Advice gratefully received.


----------



## fossyant (13 Aug 2013)

Your forearms need to be level, or slightly tilted up.


----------



## YahudaMoon (13 Aug 2013)

Have you tried a TT specific saddle and sit more forward, (sitting on the rivet) as they say


----------



## Rob3rt (13 Aug 2013)

There is no best angle, much like there is no best position, despite lots of know-nothing know-it-alls telling you you should have a flat back this and hip angle that.

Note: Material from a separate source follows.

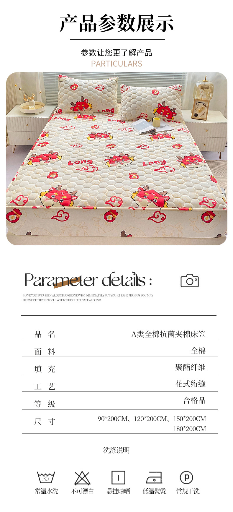 • 200*220cm 싱글 침대 모자 [모성 및 유아 등급 클래스] 는 5-30cm 매트리스에 적합합니다.
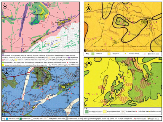 Bio-physiographic maps of the landscape in and around Mberengwa showing the distribution of Zimbabwe tradition sites and ancient mines in relation to the (a) geology (adapted from [55]); (b) mean annual rainfall patterns (adapted from [56]); (c) soil classes (adapted from [57]); and (d) vegetation types (adapted from [58]).

Re aero bars, I have mine tilted up quite a bit, it tests faster for me, I have noticed other people with wider shoulders have come out of the wind tunnel with them angled up too. Most people have them parallel to the ground, whether it is optimum for them or not, who knows, most people probably just think it is the correct way and many integrated bars don't allow the extensions to be angled, without tilting the whole base bar up, hence negating the benefit of an expensive aero base bar. Some people, albeit few have them angled down, these people are tyre touchers and look like freaks, but if they go fast, they go fast!


----------



## Hacienda71 (13 Aug 2013)

It will not feel right at first, as YM says you need to sit slightly further forward on the saddle, some people also increase the saddle height slightly when using clip on bars. Make sure you test run any new position before the tt.


----------



## lejogger (13 Aug 2013)

YahudaMoon said:


> Have you tried a TT specific saddle and sit more forward, (sitting on the rivet) as they say


 
I've not got a specific TT saddle - but I do perch a bit more forward on my standard saddle when on the bars. Looking at my bike down in the foyer here at work the nose of the saddle is a little high too from when I switched seatposts which won't be making it any more comfy.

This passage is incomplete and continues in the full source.